Let A and B be non-empty bounded sets of real numbers.
Show the infimum of A union B is equal to the min{infA,infB}

Homework Equations

If a set is bounded below, a set called S for example, there exists a number N such that x≥N for all x in S

And if S is bounded below, then there exists a number α such that α is a lower bound of S and there is no number greater than it that is a lower bound.

The Attempt at a Solution

Let A and B be non-empty bounded sets of real numbers.

Show that the inf(A∪B) = min{infA,infB}

Since A and B are subets of A∪B, then the set, A or B, that has the smallest greatest upper bound is clearly the one that is the the result of the minimum function.

Since A union B is the entirety of both sets, the greatest upper bound will be the one from the set that contains the smallest value.

I am thinking that I need to break it up into cases when infA ≤ infB and infA > infB and some how link that to the inf(A union B).

If infA ≤ infB
Then A has the smallest greatest upper bound. When you find the infimum of A union B, it will have to be A because A is a subset of A union B.

If infA = infB then the set A=B, then A union B = A = B

If infA > infB, then use the same argument but replace A with B and vice versa.

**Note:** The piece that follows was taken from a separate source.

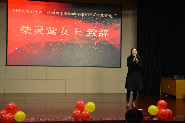 (赞助方贝因美集团代表、优秀校友柴灵莺学姐,分享与贝因美的精彩故事,启发同学)

Showing this properly is the issue I am running into. Any tips on which direction I should go in proving this?

 

[Deveno]

Homework Statement

Let A and B be non-empty bounded sets of real numbers.
Show the infimum of A union B is equal to the min{infA,infB}

Homework Equations

If a set is bounded below, a set called S for example, there exists a number N such that x≥N for all x in S

And if S is bounded below, then there exists a number α such that α is a lower bound of S and there is no number greater than it that is a lower bound.

The Attempt at a Solution

Let A and B be non-empty bounded sets of real numbers.

Show that the inf(A∪B) = min{infA,infB}

Since A and B are subets of A∪B, then the set, A or B, that has the smallest greatest upper bound is clearly the one that is the the result of the minimum function.

Since A union B is the entirety of both sets, the greatest upper bound will be the one from the set that contains the smallest value.

I am thinking that I need to break it up into cases when infA ≤ infB and infA > infB and some how link that to the inf(A union B).

If infA ≤ infB
Then A has the smallest greatest upper bound. When you find the infimum of A union B, it will have to be A because A is a subset of A union B.

If infA = infB then the set A=B, then A union B = A = B

If infA > infB, then use the same argument but replace A with B and vice versa.


Showing this properly is the issue I am running into. Any tips on which direction I should go in proving this?

let d = min{inf(A),inf(B)}.

step 1 should involve showing that d is "a" lower bound for AUB. so given x in AUB, you need to show that d ≤ x. i would "use cases" like so:

1) if inf(A) < inf(B), then for any b in B, inf(A) < b, and for any a in A, inf(A) ≤ a (since inf(A) is a lower bound for A). now if x is in AUB, either:

a) x is in B
b) x is not in B, so x is in A. draw appropriate conclusions accordingly.

2) otherwise, inf(B) ≤ inf(A) and...this should be similar to (1) above.

step 2 should involve you choosing some y such that d < y, and y is a lower bound for AUB. derive a contradiction (hint: show y cannot be less than both inf(A) and inf(B)).

 

[k3k3]

Sorry for the late response. Thank you for the help! I think I got it now.